20a first surface 20b second surface

200 support column 201 conductive column

Carrier structure 210 line layer on 21

211 insulating layer 212 Electrical contact pad

22 lower bearing structure of cladding layer 23

230 dielectric layer 231 routing layer

232 electrical connection pad 233 solder material

24,34 active surface of electronic component 24a

24b non-active surface 240 electrode pad

25 conductive bump 26 encapsulation layer

27 conductive element 29 resist

290 open area 3a shield structure

310 first ground plane 330 second ground plane

S, L cutting the path.

Detailed Description

The following description of the embodiments of the present invention is provided by way of specific examples, and other advantages and effects of the present invention will be readily apparent to those skilled in the art from the disclosure herein.

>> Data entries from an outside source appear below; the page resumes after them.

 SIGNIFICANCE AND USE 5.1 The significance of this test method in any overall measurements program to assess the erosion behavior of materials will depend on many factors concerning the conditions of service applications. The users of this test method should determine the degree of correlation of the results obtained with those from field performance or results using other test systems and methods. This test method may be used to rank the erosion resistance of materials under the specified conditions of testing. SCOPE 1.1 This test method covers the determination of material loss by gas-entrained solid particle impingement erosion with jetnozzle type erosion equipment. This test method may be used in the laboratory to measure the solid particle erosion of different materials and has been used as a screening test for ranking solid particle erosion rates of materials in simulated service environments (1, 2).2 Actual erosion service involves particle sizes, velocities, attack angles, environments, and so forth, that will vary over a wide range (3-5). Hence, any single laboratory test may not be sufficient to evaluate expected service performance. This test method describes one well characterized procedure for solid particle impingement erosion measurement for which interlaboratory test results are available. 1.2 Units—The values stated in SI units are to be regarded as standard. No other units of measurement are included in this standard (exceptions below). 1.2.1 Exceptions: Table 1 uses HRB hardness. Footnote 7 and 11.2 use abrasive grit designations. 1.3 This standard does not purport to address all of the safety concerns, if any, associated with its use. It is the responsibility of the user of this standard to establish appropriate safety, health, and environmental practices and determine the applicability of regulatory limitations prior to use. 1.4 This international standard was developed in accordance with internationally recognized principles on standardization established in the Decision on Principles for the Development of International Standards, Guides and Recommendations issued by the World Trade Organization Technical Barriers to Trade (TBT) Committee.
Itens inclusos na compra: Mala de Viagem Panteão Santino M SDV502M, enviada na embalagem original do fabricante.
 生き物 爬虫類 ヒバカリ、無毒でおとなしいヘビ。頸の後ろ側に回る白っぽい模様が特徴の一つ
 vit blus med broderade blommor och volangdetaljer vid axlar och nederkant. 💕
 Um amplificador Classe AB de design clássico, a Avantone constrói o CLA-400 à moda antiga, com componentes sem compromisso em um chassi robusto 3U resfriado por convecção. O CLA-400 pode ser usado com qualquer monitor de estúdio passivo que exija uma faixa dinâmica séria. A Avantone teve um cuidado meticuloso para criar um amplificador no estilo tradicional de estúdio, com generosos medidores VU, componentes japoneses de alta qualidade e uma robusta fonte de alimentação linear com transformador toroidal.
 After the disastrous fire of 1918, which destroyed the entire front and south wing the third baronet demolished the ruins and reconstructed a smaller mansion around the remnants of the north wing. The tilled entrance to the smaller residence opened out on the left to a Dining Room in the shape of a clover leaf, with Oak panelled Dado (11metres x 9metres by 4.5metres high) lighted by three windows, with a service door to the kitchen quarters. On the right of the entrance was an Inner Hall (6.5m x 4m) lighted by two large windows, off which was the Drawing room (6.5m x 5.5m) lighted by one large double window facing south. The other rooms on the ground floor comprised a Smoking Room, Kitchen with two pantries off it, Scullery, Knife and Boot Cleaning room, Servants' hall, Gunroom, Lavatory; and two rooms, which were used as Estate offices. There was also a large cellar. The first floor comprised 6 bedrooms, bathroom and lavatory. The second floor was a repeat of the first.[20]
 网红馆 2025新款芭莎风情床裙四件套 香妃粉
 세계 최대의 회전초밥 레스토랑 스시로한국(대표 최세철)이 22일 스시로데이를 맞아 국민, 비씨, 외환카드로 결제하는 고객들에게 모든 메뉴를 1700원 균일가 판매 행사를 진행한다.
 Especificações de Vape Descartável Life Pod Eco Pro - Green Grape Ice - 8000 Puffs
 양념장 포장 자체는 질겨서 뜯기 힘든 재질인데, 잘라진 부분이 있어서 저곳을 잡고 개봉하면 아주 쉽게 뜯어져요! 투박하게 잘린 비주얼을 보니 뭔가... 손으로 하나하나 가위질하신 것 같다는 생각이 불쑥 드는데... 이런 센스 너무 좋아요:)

It should be understood that the structures, proportions, and dimensions shown in the drawings and described herein are for illustrative purposes only and are not intended to limit the scope of the present invention, which is defined by the claims, but rather by the claims. In addition, the terms "first", "second", "upper" and "a" as used herein are for the sake of clarity only, and are not intended to limit the scope of the present invention, and changes or modifications of the relative relationship may be made without substantial technical changes.

Please refer to fig. 2A to fig. 2F, which are schematic cross-sectional views illustrating a method for manufacturing an electronic package 2 according to the present invention.

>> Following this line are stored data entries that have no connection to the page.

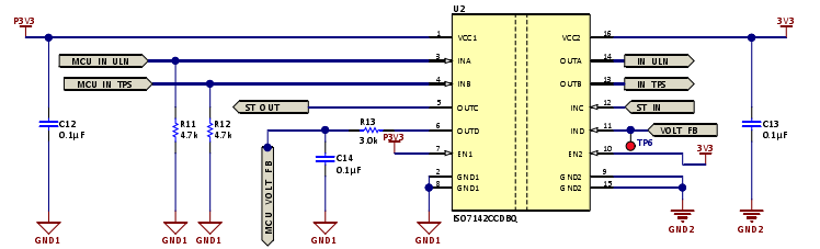 VCC2引腳上施加的是使用TPS7B6933 LDO生成的3.3V電壓。C13(0.1μF)用作VCC2引腳的局部去耦電容器。隔離器的EN2引腳連接至高電平,以啟用次級側(cè)中的輸出通道。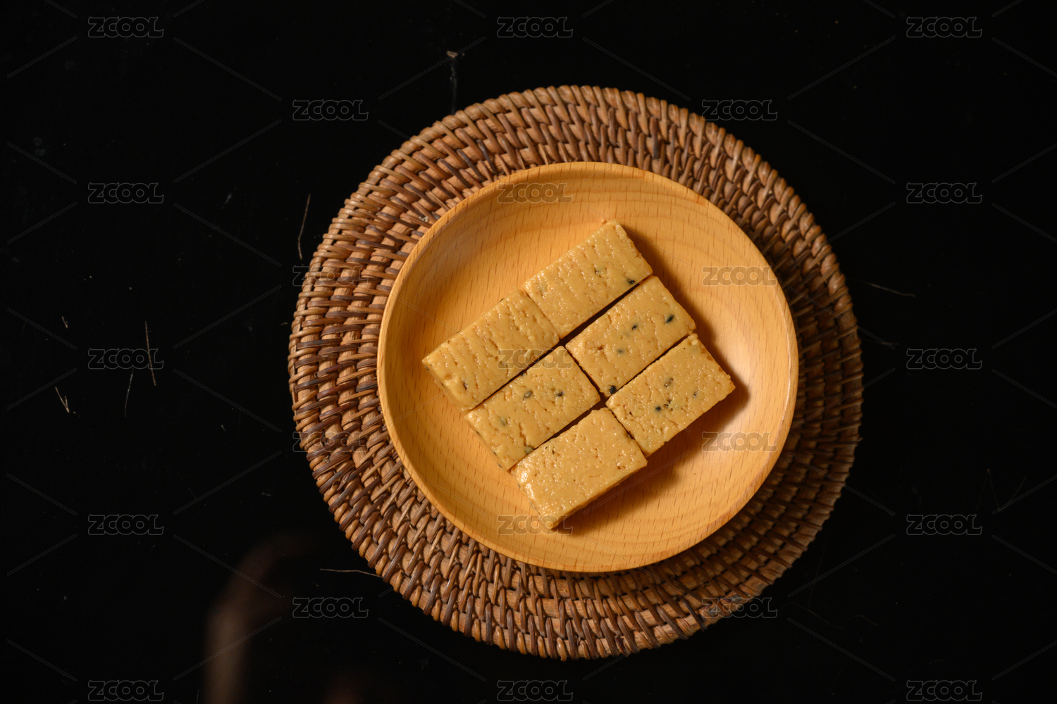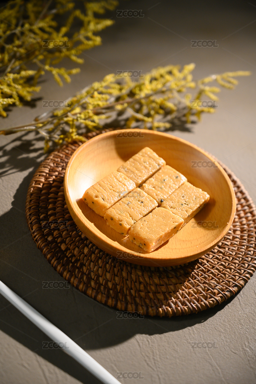 桌面上的盘子里的美味可口的夹心山楂奶糕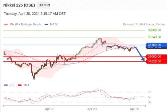 交易策略: 在 38450.00 之下,看跌,目标价位为 38000.00 ,然后为 37820.00 。

As shown in fig. 2A, a conductive frame 20 is coupled to at least one upper supporting structure 21.

In this embodiment, the conductive frame 20 includes a plate 20 ' and a plurality of conductive posts 201 separately disposed on the plate 20 ', wherein the peripheral surface of the conductive posts 201 has an inward concave arc shape with respect to two opposite end surfaces, and the plate 20 ' and the conductive posts 201 are integrally formed. Specifically, a portion of a metal plate, such as a copper plate, is etched, laser-etched, or otherwise removed to form a plurality of spaced conductive pillars 201 on the plate 20'.

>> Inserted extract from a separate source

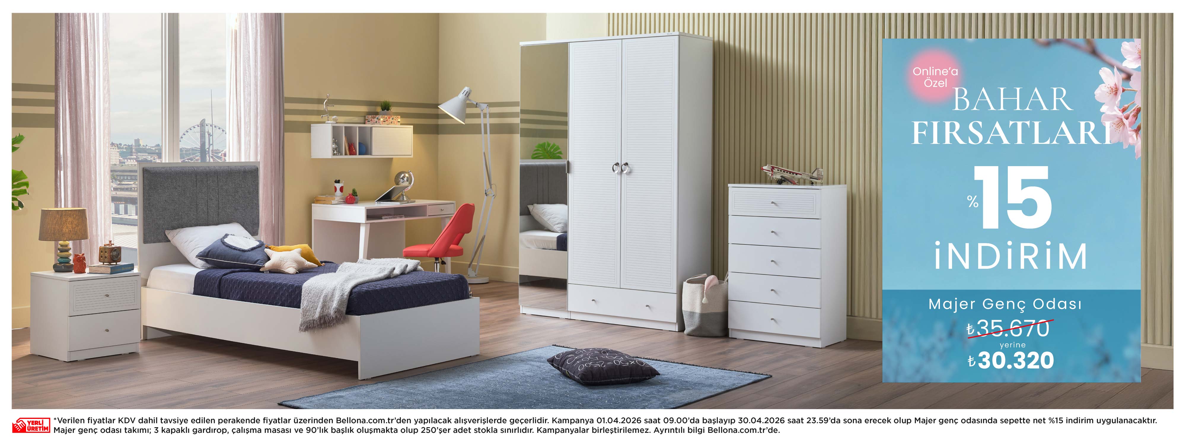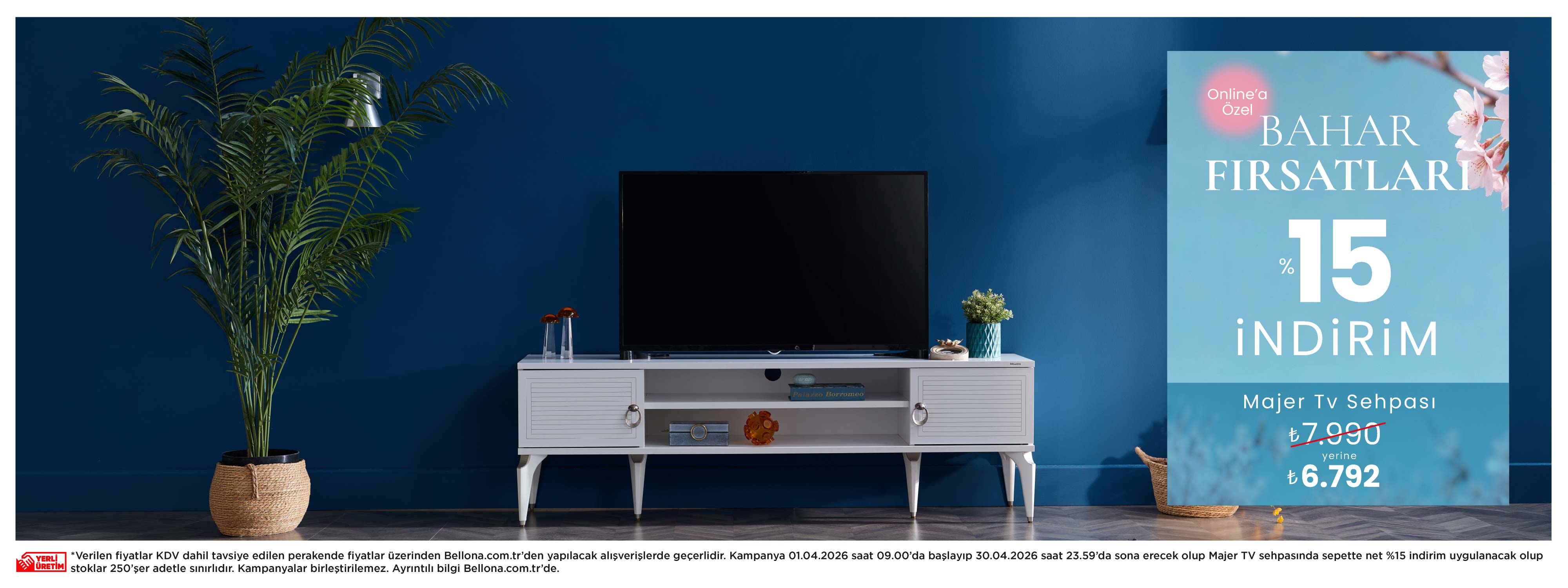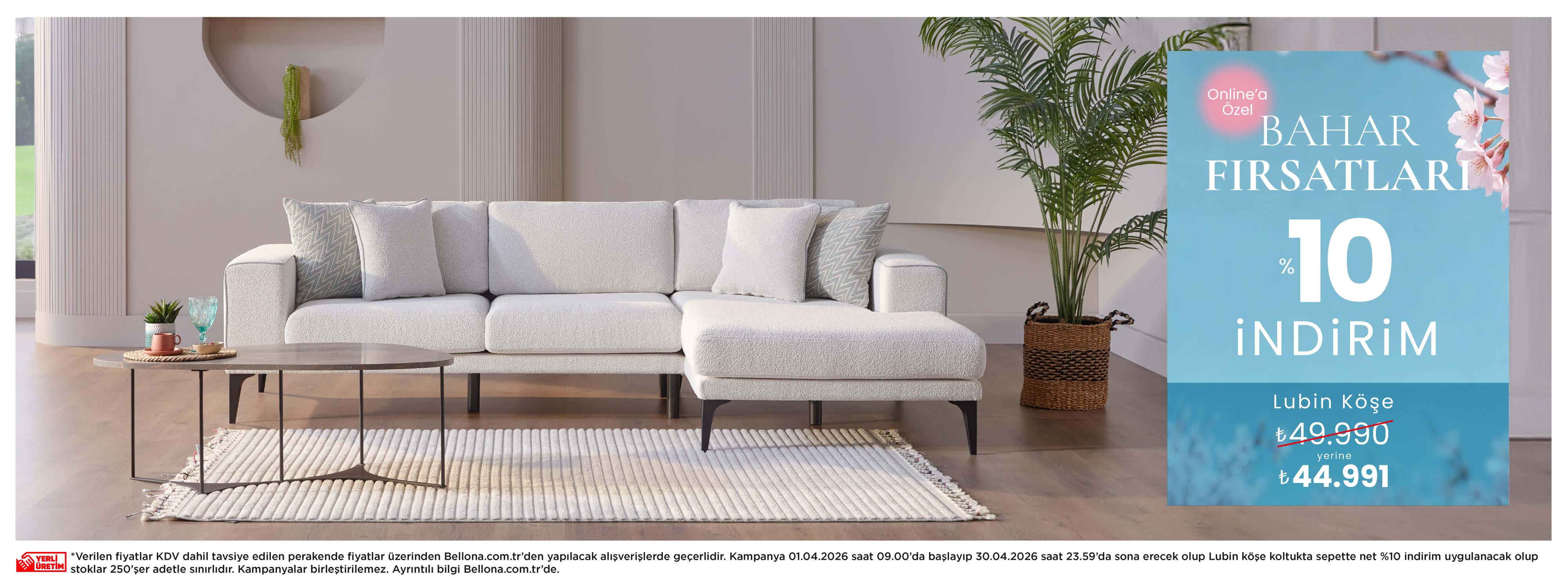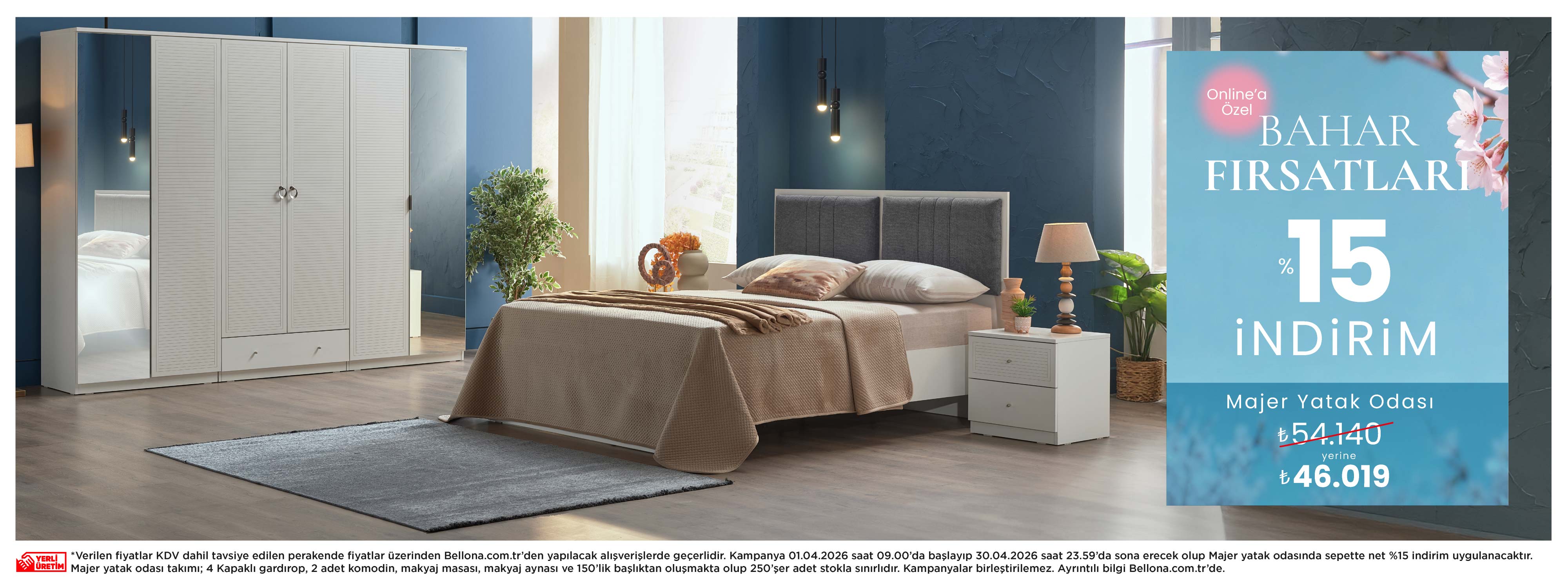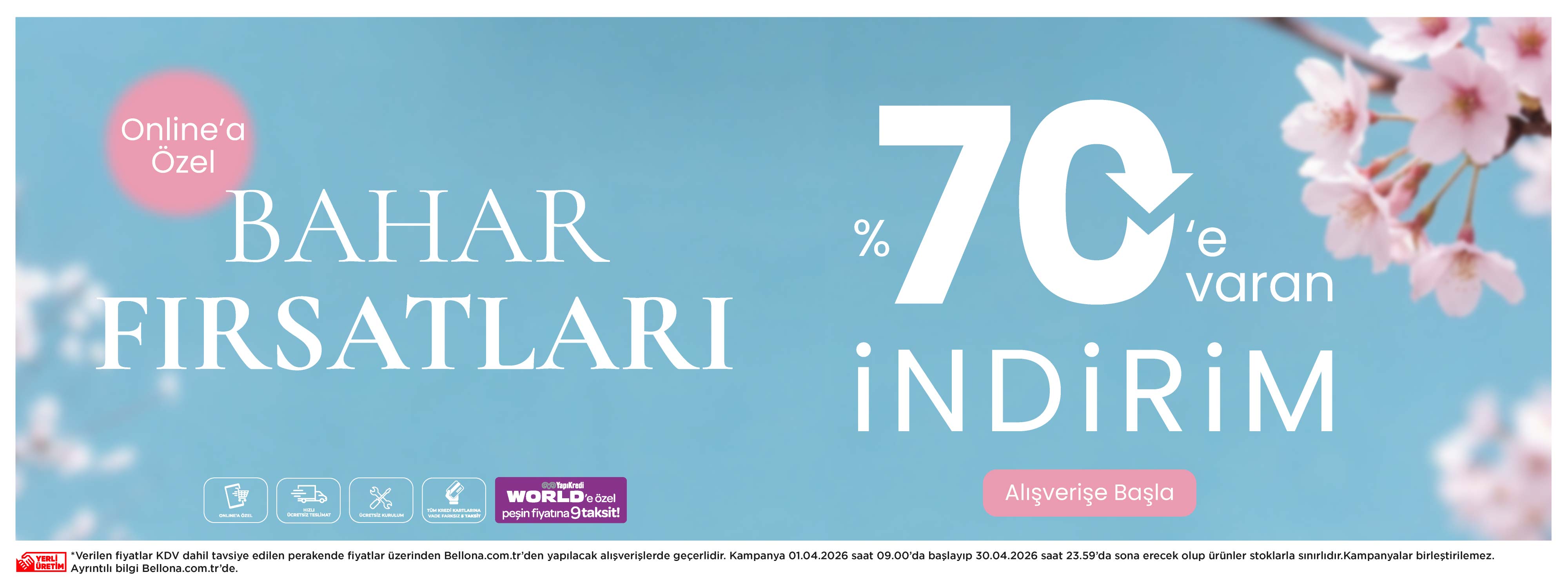 Kampanya 1 Nisan- 15 Mayıs 2026 tarihleri arasında tavsiye edilen KDV dahil perakende fiyatlar üzerinden geçerlidir. Bellona markalı ürünlerden tek seferde 99.000 TL ve üzeri alışverişlerde anında %10 indirim uygulanacaktır. Online’a özel ürünler kapsam dışıdır.

In addition, the board body 20 'has a first surface 20a and a second surface 20b opposite to each other, wherein the conductive pillars 201 are formed on the first surface 20a, and a patterned resist layer 29 is formed on the second surface 20b, so that the resist layer 29 has a plurality of opening regions 290, so that a portion of the second surface 20b of the board body 20' is exposed out of the opening regions 290.

In addition, the upper supporting structure 21 is, for example, a singulated package substrate (substrate) having a core layer and a circuit portion or a coreless (wire) singulated package substrate having a circuit portion, the circuit portion has at least one insulating layer 211 and a circuit layer 210 disposed on the insulating layer 211, the circuit layer 210 is, for example, a fan out (fan out) redistribution layer (RDL), and the outermost circuit layer 210 has a plurality of electrical contact pads 212, so as to combine the end surfaces of the conductive pillars 201 to electrically connect the conductive pillars 201 to the circuit layer 210.

The material forming the circuit layer 210 is, for example, copper, and the material forming the insulating layer 211 is, for example, a dielectric material such as Polyoxadiazole (PBO), Polyimide (PI), or Prepreg (PP). It should be understood that the upper supporting structure 21 may also be other supporting units for supporting electronic devices such as chips, for example, lead frame (lead frame) or silicon interposer (silicon interposer), but is not limited thereto.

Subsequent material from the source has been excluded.